The article goes on to say that the main aspect of diligence is spiritual. This is why Mary was commended while Martha was gently rebuked by Our Lord, I suppose. One was letting herself get scattered and irritable while the other was completely diligent and focused on what mattered. As the article says:
This is why the contemplative life of, say, cloistered religious is not a form of laziness. As it ought to be lived, the contemplative life makes use of the greatest of God’s gifts: union with Him in prayer. Even those of us who are not contemplatives need to be fruitful in using this gift. If we are not diligent in our spiritual life first, our other activities are are not offered to God and are so much useless motion. We are like a child who, on being told to pick up his clothes, simply flings them into another corner of the room.I was just reading the Rule of St Benedict where he often refers to "The Work of God" meaning their contemplative religious life.

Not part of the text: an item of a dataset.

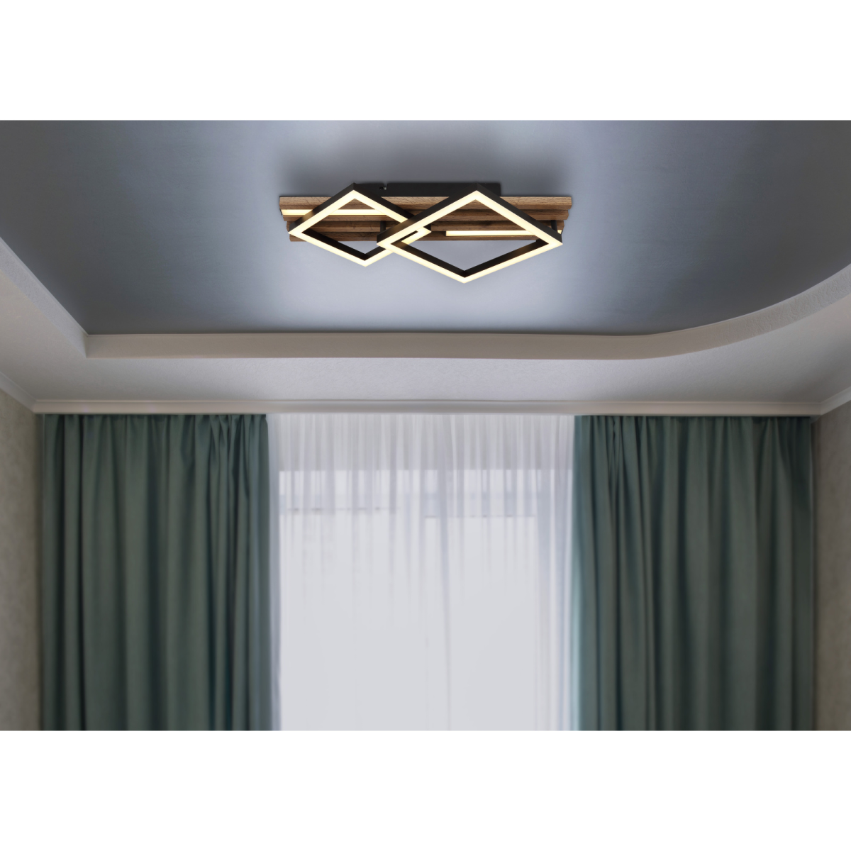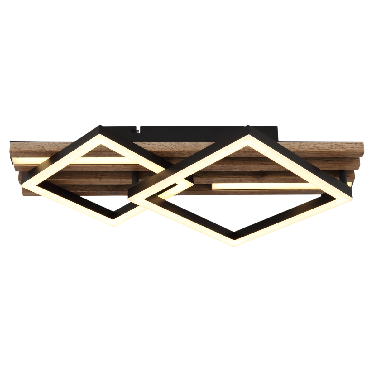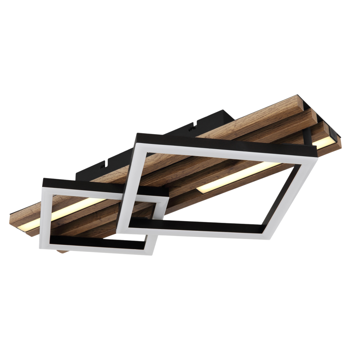 A Globo Obrien mennyezeti LED lámpa stílusos és funkcionális választás a modern belső terek megvilágítására. Letisztult, fekete matt fémháza, fa mintázatú MDF panele és fehér búrája harmonikus összhatást teremt, miközben kellemes, meleg fényt biztosít.

Another article was an excerpt from a book by Fr Lorenzo Scupoli called The Spiritual Combat. Here it is on Google Books. It was recommended by St Francis de Sales; it is full of practical advice for conquering oneself. I found this helpful:
You may, at first, find your strength insufficient to undergo all the difficulties and troubles that you will encounter on your road to perfection. Then you must acquire the habit of hiding them from yourself. They will appear more insignificant than the slothful are apt to imagine them to be.
When an act must be repeated many times in order to acquire some particular virtue, and this has to be continued for several days in opposition to countless powerful enemies, begin to do these acts as though a few would suffice and your trouble would soon end.
Attack one enemy at a time, as though you had but one to encounter. Be confident that, with God's grace, you will master them all. In this way you will overcome your sloth and acquire the contrary virtue.
Use the same method in regard to prayer. If you are to pray for an hour, and the time seems long, begin as though you were to pray but a quarter of an hour. When that is finished, propose another quarter hour, and the hour will elapse imperceptibly.
If, however, during this period you experience a great repugnance and aversion to prayer, cease praying for a while. In a short time return again to the prayers that you had interrupted.
This is also true in regard to manual labor. If you feel that you are overwhelmed by the amount of work before you and by the difficulties involved, do not permit indolence to discourage you.
Begin with what demands your immediate attention and do not think of the rest. Be very diligent, for when this is well done, the remainder will follow with much less trouble than you had anticipated.